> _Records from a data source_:
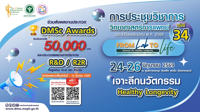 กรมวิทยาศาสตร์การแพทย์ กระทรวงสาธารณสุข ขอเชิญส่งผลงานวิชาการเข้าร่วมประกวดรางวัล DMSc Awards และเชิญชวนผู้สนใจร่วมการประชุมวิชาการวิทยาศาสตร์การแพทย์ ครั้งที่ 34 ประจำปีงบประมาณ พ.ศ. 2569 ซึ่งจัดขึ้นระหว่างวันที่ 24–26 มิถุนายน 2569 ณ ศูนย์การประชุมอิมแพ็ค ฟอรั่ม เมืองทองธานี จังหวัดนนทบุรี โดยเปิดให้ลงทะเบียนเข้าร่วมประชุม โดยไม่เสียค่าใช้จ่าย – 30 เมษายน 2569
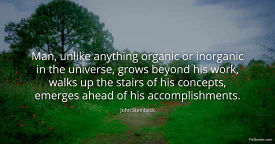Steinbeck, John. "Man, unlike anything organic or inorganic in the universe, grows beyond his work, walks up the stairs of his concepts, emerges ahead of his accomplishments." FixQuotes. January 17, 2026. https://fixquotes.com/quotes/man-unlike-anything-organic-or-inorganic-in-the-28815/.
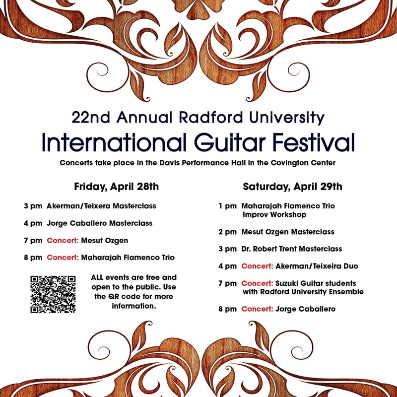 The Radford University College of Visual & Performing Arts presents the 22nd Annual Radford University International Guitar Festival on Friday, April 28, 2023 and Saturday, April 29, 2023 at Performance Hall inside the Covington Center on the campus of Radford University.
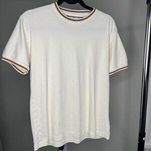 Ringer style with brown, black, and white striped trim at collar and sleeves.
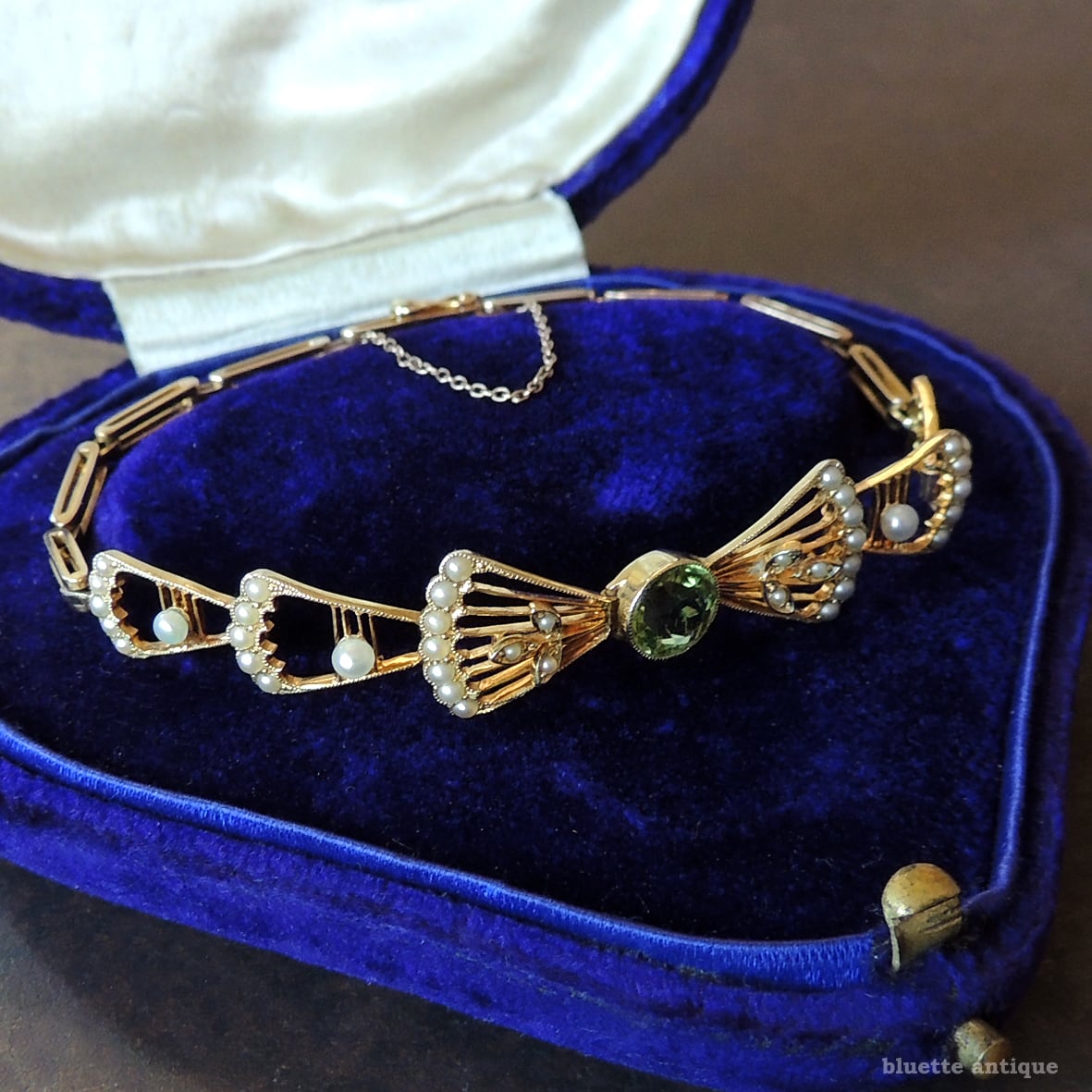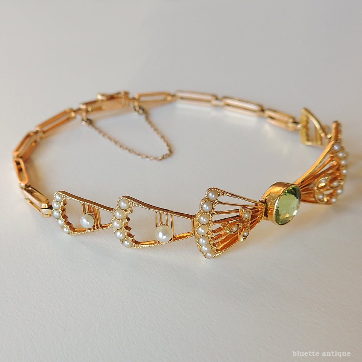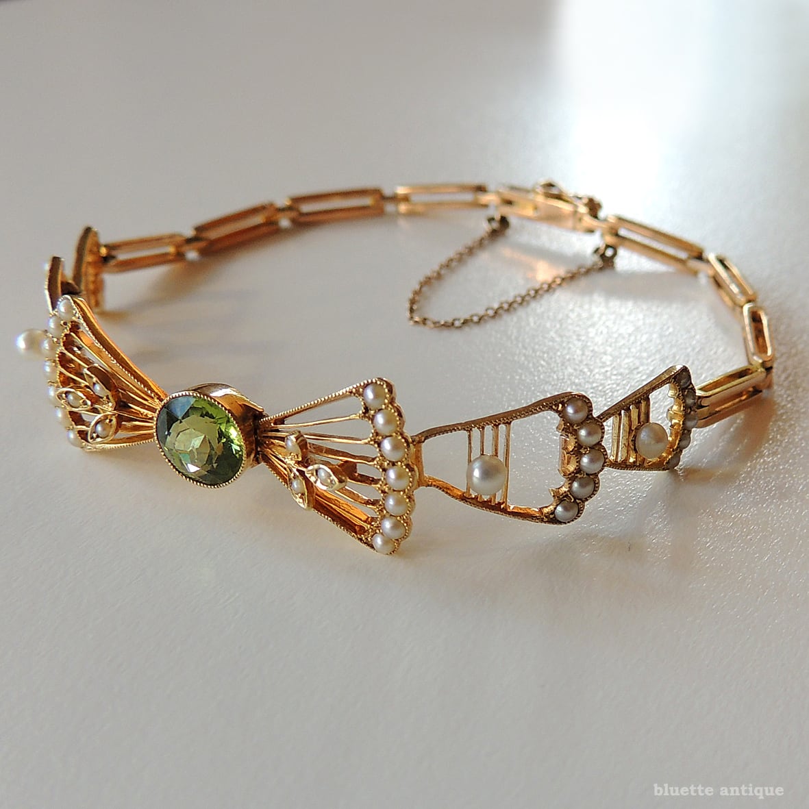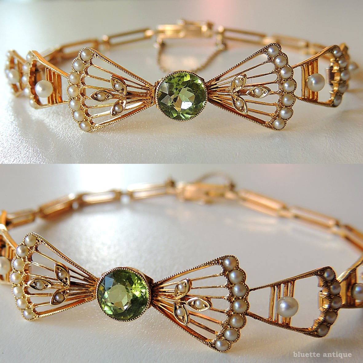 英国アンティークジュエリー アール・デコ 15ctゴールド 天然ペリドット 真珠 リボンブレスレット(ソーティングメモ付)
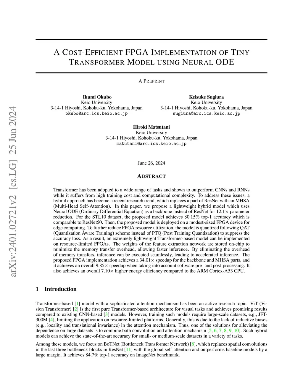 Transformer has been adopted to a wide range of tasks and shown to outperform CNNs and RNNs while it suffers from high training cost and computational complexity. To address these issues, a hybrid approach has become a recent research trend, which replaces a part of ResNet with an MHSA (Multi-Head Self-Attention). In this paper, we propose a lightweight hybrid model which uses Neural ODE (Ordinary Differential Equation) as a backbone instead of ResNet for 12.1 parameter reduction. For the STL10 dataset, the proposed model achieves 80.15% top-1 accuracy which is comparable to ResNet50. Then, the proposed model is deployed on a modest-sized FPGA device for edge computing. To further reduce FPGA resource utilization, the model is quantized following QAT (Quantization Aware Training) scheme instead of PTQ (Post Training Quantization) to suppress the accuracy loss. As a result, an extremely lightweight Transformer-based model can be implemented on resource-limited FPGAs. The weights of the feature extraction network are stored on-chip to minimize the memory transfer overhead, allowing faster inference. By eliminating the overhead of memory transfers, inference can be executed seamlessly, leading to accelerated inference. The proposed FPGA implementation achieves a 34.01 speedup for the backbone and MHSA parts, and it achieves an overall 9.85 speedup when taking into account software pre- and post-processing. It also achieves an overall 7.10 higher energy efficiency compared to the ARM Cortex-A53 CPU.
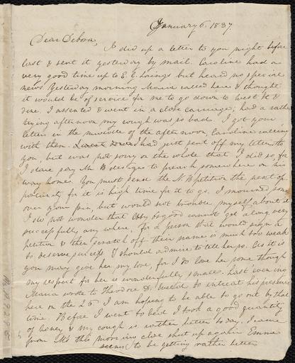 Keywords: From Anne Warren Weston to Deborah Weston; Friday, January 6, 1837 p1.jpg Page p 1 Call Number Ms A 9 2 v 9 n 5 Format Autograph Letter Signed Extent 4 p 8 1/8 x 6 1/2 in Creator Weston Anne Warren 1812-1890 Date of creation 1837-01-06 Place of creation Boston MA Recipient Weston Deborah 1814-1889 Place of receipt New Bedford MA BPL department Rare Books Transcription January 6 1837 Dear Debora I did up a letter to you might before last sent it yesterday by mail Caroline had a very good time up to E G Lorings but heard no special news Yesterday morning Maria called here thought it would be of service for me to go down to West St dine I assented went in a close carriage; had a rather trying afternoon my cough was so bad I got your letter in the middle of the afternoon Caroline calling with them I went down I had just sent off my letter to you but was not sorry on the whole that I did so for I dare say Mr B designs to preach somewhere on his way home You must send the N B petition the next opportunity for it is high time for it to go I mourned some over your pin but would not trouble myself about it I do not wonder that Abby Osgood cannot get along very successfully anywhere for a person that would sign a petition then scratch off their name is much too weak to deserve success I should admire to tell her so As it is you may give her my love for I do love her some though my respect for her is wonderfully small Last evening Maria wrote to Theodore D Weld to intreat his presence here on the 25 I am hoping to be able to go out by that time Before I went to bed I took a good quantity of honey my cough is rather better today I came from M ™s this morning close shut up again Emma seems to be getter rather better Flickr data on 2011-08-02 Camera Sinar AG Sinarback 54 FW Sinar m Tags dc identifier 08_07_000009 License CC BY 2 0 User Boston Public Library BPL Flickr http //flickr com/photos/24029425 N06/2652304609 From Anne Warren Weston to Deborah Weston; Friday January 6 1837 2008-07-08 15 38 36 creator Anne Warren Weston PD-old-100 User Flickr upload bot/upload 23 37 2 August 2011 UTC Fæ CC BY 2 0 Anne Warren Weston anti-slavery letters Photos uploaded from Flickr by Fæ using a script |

> _YOUR GOAL_: Set down word for word the lines above from the one with "英国アンティークジュエリー アール・デコ 15ctゴールド" up to and including the one with "Transformer has been". Omit every picture.

> _YOUR RESPONSE_:
 英国アンティークジュエリー アール・デコ 15ctゴールド 天然ペリドット 真珠 リボンブレスレット(ソーティングメモ付)
 Transformer has been adopted to a wide range of tasks and shown to outperform CNNs and RNNs while it suffers from high training cost and computational complexity. To address these issues, a hybrid approach has become a recent research trend, which replaces a part of ResNet with an MHSA (Multi-Head Self-Attention). In this paper, we propose a lightweight hybrid model which uses Neural ODE (Ordinary Differential Equation) as a backbone instead of ResNet for 12.1 parameter reduction. For the STL10 dataset, the proposed model achieves 80.15% top-1 accuracy which is comparable to ResNet50. Then, the proposed model is deployed on a modest-sized FPGA device for edge computing. To further reduce FPGA resource utilization, the model is quantized following QAT (Quantization Aware Training) scheme instead of PTQ (Post Training Quantization) to suppress the accuracy loss. As a result, an extremely lightweight Transformer-based model can be implemented on resource-limited FPGAs. The weights of the feature extraction network are stored on-chip to minimize the memory transfer overhead, allowing faster inference. By eliminating the overhead of memory transfers, inference can be executed seamlessly, leading to accelerated inference. The proposed FPGA implementation achieves a 34.01 speedup for the backbone and MHSA parts, and it achieves an overall 9.85 speedup when taking into account software pre- and post-processing. It also achieves an overall 7.10 higher energy efficiency compared to the ARM Cortex-A53 CPU.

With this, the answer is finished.